Tuesday is a big day for
JetBlue Airways.
The low-cost carrier not only reports third-quarter earnings but is due in court.
The Justice Department is suing to block the company’s proposed $3.8 billion merger with
Spirit Airlines
(SAVE). The antitrust trial begins in U.S. District Court in Boston after a two-week delay.
Either earnings or the trial could jump-start JetBlue (ticker: JBLU) stock, which is off 56% since its July peak and 36% for the year, as of Friday’s close.
Any boost, though, may be more likely to eventually come from the trial than from its earnings, though it’s hard to be too optimistic about either.
In its lawsuit, the government opposes the merger on the grounds that it would hurt competition. Prices would increase and travelers would have fewer choices for routes nationwide, according to the Justice Department.
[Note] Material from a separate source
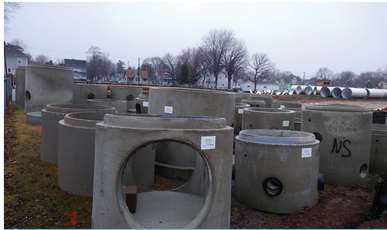
CEMENT DRAINAGE CATCH BASINS AT VEL PHILLIPS MIDDLE SCHOOL
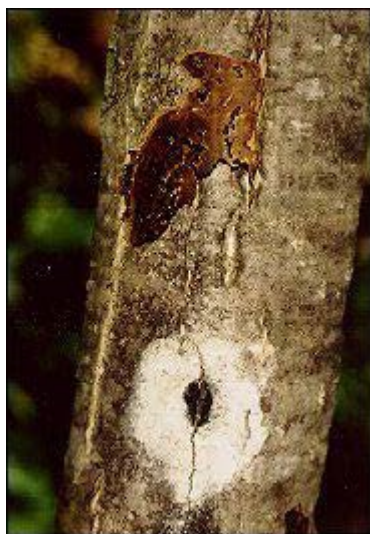
Figure 5. Above canker with outer bark removed to expose fungus pegs.

JetBlue disagrees and has tried to ease the government’s concerns, including voluntary agreements to divest Spirit holdings in Boston, Newark and at New York’s LaGuardia Airport if the deal is allowed to go through.
In a separate case, JetBlue was ordered to end its alliance with American Airlines (AAL) in the Northeast. The company opted not to appeal the decision, essentially in a bid to save the Spirit merger. The alliance formed a key part of the government’s complaint about the proposed Spirit deal.
Still, the Justice Department is pressing ahead with its Spirit case despite termination of the alliance and JetBlue’s voluntary divestiture agreements.
JetBlue told Barron’s it is ready to present its side. Spirit didn’t respond to a request for comment.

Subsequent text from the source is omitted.